We extended the DARTS DNN beyond exon skipping to predict other types of alternative splicing patterns. We compiled cis sequence features (Supplementary Table 1) and trained three DNN models for predicting differential alternative 5’ splice sites (A5SS), alternative 3’ splice sites (A3SS), and retained introns (RI). Trained on ENCODE and Roadmap data, these DNN models exhibited a high prediction accuracy in independent leave-out datasets (Supplementary Fig. 6).
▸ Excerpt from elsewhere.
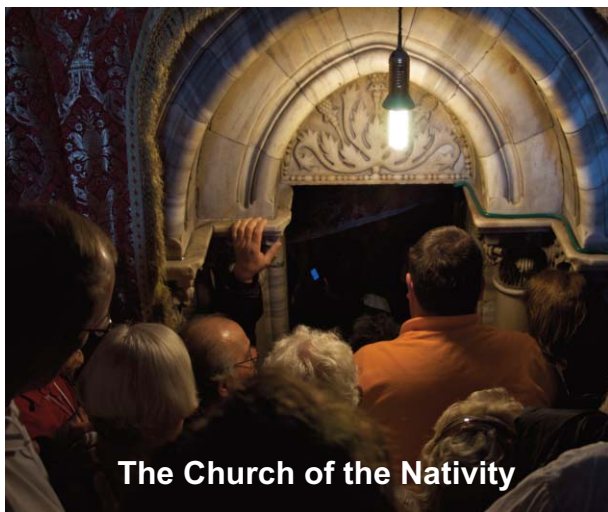
The Church of the Nativity

Visit the Baptismal Site at Kasr el Yehud, where many believe that Jesus was baptized by John the Baptist (John 1). Look out over the Valley of the Shadow as you pass through the Judean Wilderness on the way to Jerusalem. End your day with a group picture taken from the Mount of Olives, where Jesus ascended into heaven (Acts 1:9-12). Check into your Jerusalem hotel for dinner and overnight.

Finally, we applied DARTS to study alternative splicing during the epithelial-mesenchymal transition (EMT), a key process in embryonic development and cancer metastasis¹³. We re-analyzed our published time-course RNA-seq data on an inducible H358 lung cancer cell line model of the EMT¹⁴. We used DARTS BHT(flat) to compare each day to Day 0, then assessed the ability of the DARTS DNN to predict high-confidence differential vs. unchanged splicing events during the EMT. The DARTS DNN trained on ENCODE+Roadmap data displayed the best performance, followed closely by the DARTS DNN trained on Roadmap data, whereas the DARTS DNN trained on ENCODE data performed least well (Fig. 3a). This was expected, given that the Roadmap data cover epithelial and mesenchymal cell types. The best prediction accuracy (AUROC=0.82) was achieved by the DARTS DNN trained on ENCODE+Roadmap for the Day 6 versus Day 0 comparison. As an example, the DARTS DNN predicted the EMT-associated alternative splicing change in PLEKHA1 (Supplementary Fig. 7).
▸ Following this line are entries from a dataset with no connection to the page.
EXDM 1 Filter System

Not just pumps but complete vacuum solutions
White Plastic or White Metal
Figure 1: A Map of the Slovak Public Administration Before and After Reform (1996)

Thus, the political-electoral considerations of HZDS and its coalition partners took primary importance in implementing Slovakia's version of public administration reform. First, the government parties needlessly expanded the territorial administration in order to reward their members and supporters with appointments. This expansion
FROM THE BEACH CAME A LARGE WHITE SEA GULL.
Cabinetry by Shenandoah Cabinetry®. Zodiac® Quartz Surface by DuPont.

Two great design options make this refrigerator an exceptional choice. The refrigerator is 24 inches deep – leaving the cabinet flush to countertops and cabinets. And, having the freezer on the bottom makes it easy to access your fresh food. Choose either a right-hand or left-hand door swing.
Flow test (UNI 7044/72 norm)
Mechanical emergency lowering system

Figure 3. — DARTS analysis of alternative splicing during the EMT. (a) The performance of the DARTS DNN on the time-course RNA-seq data of an inducible H358 lung cancer cell line model of the EMT. The numbers of differential splicing events called by DARTS BHT(flat) are shown as bar plots at the bottom. (b) Meta-exon motif analysis of the ESRP motif for RNA-seq differential events called by DARTS BHT(flat) and DARTS DNN rescued events in the Day 6 vs. Day 0 comparison. (c) DARTS DNN predictions for the H358 EMT time course (Day 6 vs. Day 0) and in GS689 vs. PC3E. Plotted are the ranks of predicted DARTS DNN scores. (d) RASL-seq validation of RNA-seq called events and DARTS DNN predicted events. Plotted are the RASL-|ΔPSI| values of RNA-seq inconclusive events with high DARTS DNN scores (FPR<5%; n=52 events) (orange line) and RNA-seq inconclusive events with low DARTS DNN scores (FPR>80%; n=29 events) (green line).

To further assess the DARTS DNN predictions, we compiled 449 “DARTS DNN rescued” events from the Day 6 vs. Day 0 comparison (Methods). A subset of these “DARTS DNN rescued” events had significantly reduced exon inclusion during the EMT, and their downstream intronic regions were enriched for the consensus motif of the splicing factors ESRP1/2¹⁵ (Fig. 3b). A similar pattern of ESRP motif enrichment was observed for differential splicing events called by DARTS BHT(flat) using RNA-seq data alone (Fig. 3b). By contrast, events that were called significant by DARTS BHT(flat) but fell below the significance threshold (posterior probability<0.9) after incorporating the informative prior were not enriched for the ESRP motif (Supplementary Fig. 8). ESRPs are epithelial-specific splicing factors whose downregulation is a major driver of alternative splicing during the EMT¹⁴. This observed pattern of ESRP motif enrichment is consistent with ESRP binding downstream of alternative exons enhancing exon inclusion¹³.

To extend our DARTS analysis of the H358 EMT system, we performed paired-end RNA-seq of the PC3E and GS689 prostate cancer cell lines, which have contrasting epithelial vs. mesenchymal characteristics^{2, 16}. The DARTS DNN scores of these two EMT systems were highly correlated (Spearman’s rho=0.87, p-value<2.2e-16; Fig. 3c), suggesting that the DARTS DNN can capture a core EMT splicing signature.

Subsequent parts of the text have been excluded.